1. The Defendant: 644,145,765 won to Plaintiff A; 42,195,574 won to Plaintiff B; 15,000,000 won to Plaintiff C; and 5,000 won to Plaintiff D.

Reasons

Basic Facts

The defendant is a corporation which is established for the purpose of middle and higher education and operates the Fmiddle School, G High School, H High School and I High School.

Plaintiff

A was a second-year student at I High School (hereinafter “Defendant School”) at the time of the instant accident, and based on the said Plaintiff, Plaintiff B was an adult guardian (in September 30, 2016), Plaintiff C was a mother, and Plaintiff D was a child.

Plaintiff

A’s past medical history Plaintiff A was the most shaking of NAN-type chron chronological heart disease, which is a congenital heart disease from birth, and was the most serious heart loss loss certificate, mixed-type mix beer beer, large-scale beer beer, and chronological disease comprised of the chronrone in the chrone heart, and the chronological disorder in the chrone room. “The diagnosis was conducted, and the heart surgery was conducted for eight months after the birth.

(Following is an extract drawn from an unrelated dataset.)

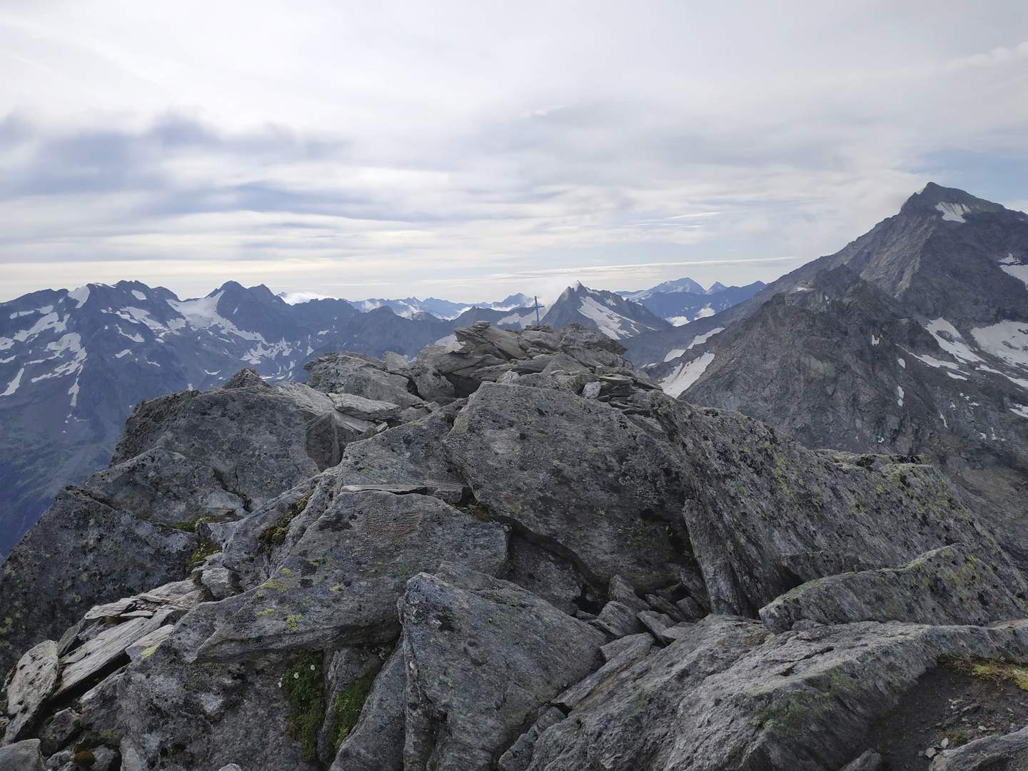 Zwischen Keilbachspitz (3093 m) und Großem Löffler (3378 m) schaut der Hochgall (3436 m) herüber.
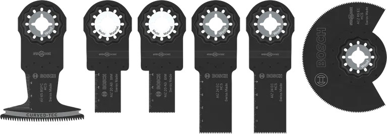A fa és puha fém készlet megbízható oszcilláló multifunkciós fűrészlapokat tartalmaz puhafa, puha fém, műanyag és műanyag bevonatú táblák merülő vágásához.

Since then, on March 8, 2010, the third grade of middle school had undergone a heart surgery (closed beer pulse), and from that time, he/she recovered from the time.

Plaintiff

Upon entering the Defendant’s school, the Plaintiff C’s notification of the Plaintiff’s surgery experience and taking-out drugs (abrupted drugs) to the Plaintiff’s school was justifiable, and the Defendant’s school also registered and managed the Plaintiff A as a student in need of protection.

On April 20, 2012, Plaintiff A, at around 14:20 on April 20, 2012, provided sports classes with the instruction of J, which is a sports teacher belonging to Defendant A, in the Defendant’s school playground.

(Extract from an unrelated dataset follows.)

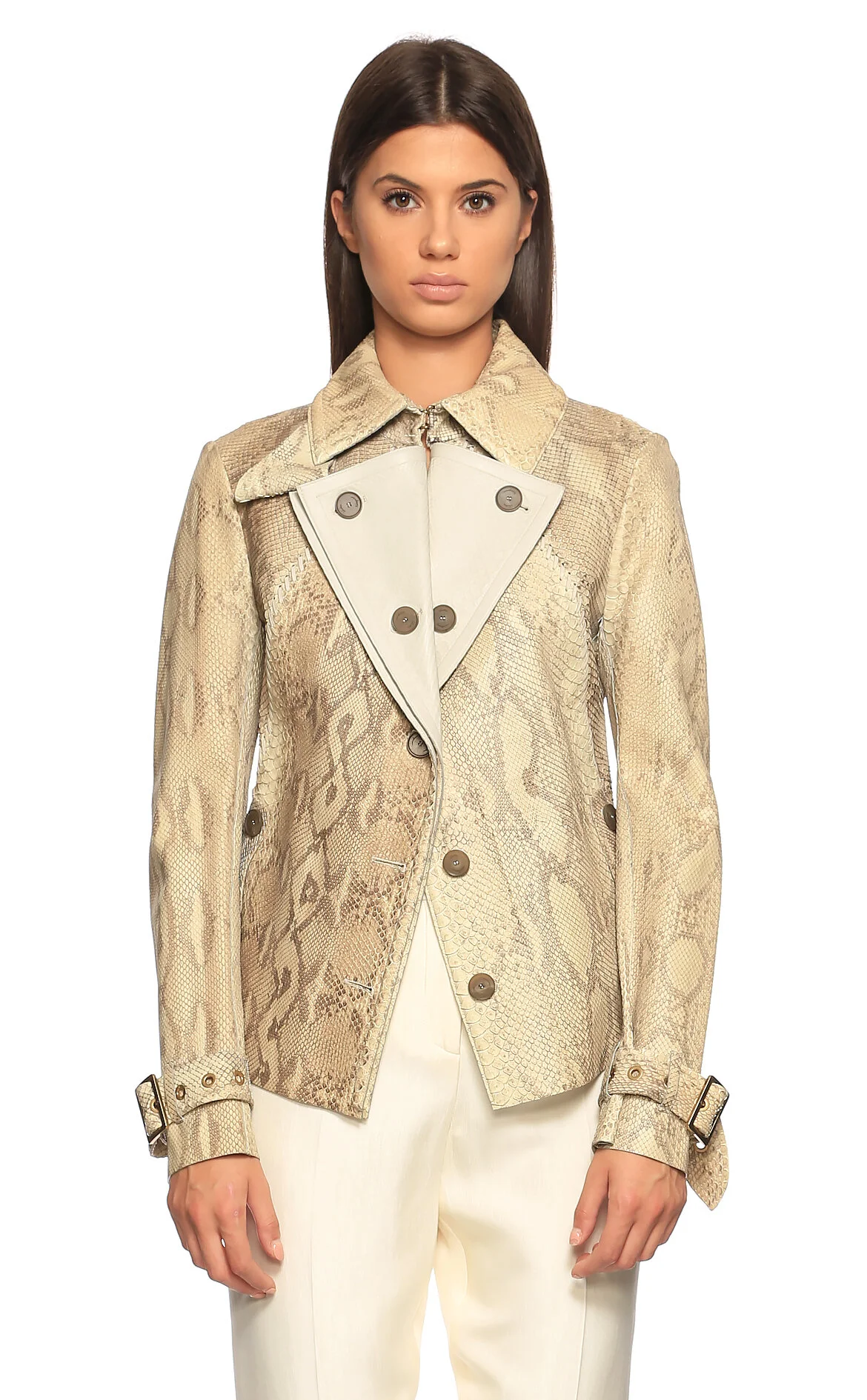 5. Çok Renkli Yılan Derisi Desenli Uzun Kol Piton Derisi Ceket

J conducted a preparatory movement by ascertaining students who have become gymn or inconvenient before the beginning of the class, and students were allowed to voluntarily engage in sports activities in the playground.

In the process, the plaintiff A participated in the deaf-gu City Partnership (hereinafter referred to as "the deaf-gu Partnership of this case") upon the recommendation of the kind of Gu, and the city Do is difficult and the rest was withdrawn in the playground event.